Content starts

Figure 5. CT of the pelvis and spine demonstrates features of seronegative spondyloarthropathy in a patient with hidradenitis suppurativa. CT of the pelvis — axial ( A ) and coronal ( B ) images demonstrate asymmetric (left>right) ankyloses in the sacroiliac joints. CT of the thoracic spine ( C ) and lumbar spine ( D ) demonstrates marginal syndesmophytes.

Content ends
Content starts

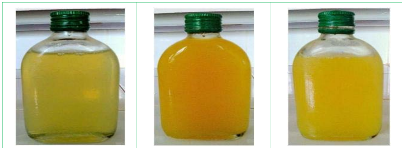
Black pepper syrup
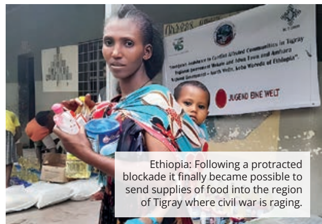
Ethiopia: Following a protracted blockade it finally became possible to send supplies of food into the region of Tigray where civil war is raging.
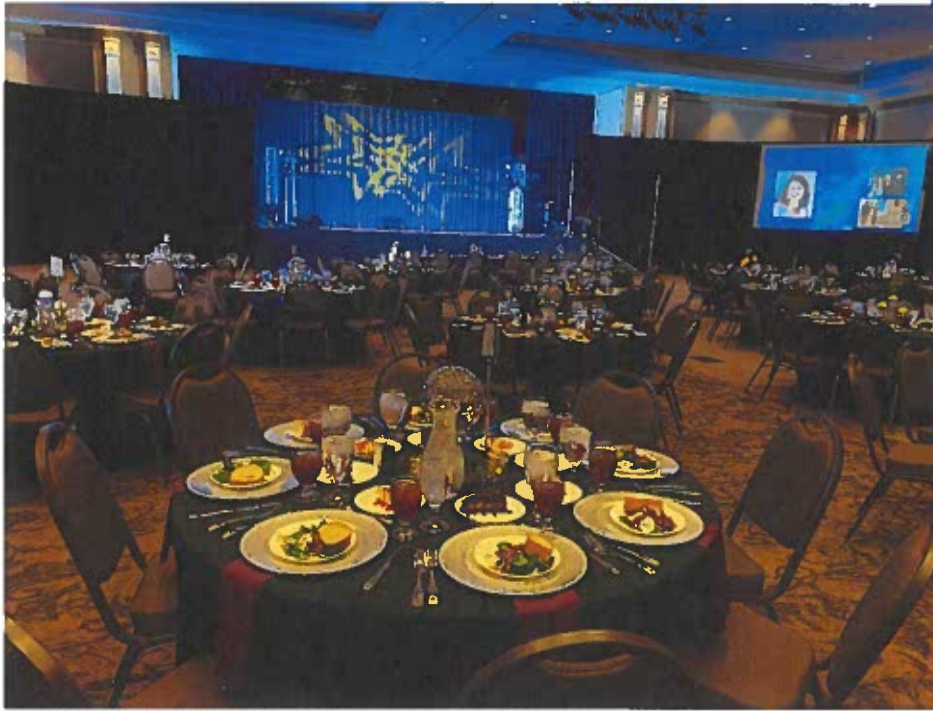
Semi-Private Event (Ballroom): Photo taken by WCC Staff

Content ends
Content starts

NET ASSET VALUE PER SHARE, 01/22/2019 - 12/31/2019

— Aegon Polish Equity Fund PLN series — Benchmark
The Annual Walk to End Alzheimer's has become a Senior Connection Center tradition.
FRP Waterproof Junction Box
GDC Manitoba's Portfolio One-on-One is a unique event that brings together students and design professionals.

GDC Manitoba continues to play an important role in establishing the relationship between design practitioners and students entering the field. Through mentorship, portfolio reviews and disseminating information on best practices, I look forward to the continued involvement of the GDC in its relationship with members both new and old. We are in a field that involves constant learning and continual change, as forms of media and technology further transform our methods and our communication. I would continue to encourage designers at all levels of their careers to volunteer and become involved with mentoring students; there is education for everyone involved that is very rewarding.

Content ends

• Work instructions
Here the job is to set down exactly the lines of the material above that fall between the one with "FRP Waterproof Junction Box" and the one with "GDC Manitoba's Portfolio", inclusive, and nothing beyond them.

• Answer for this exercise
FRP Waterproof Junction Box
GDC Manitoba's Portfolio One-on-One is a unique event that brings together students and design professionals.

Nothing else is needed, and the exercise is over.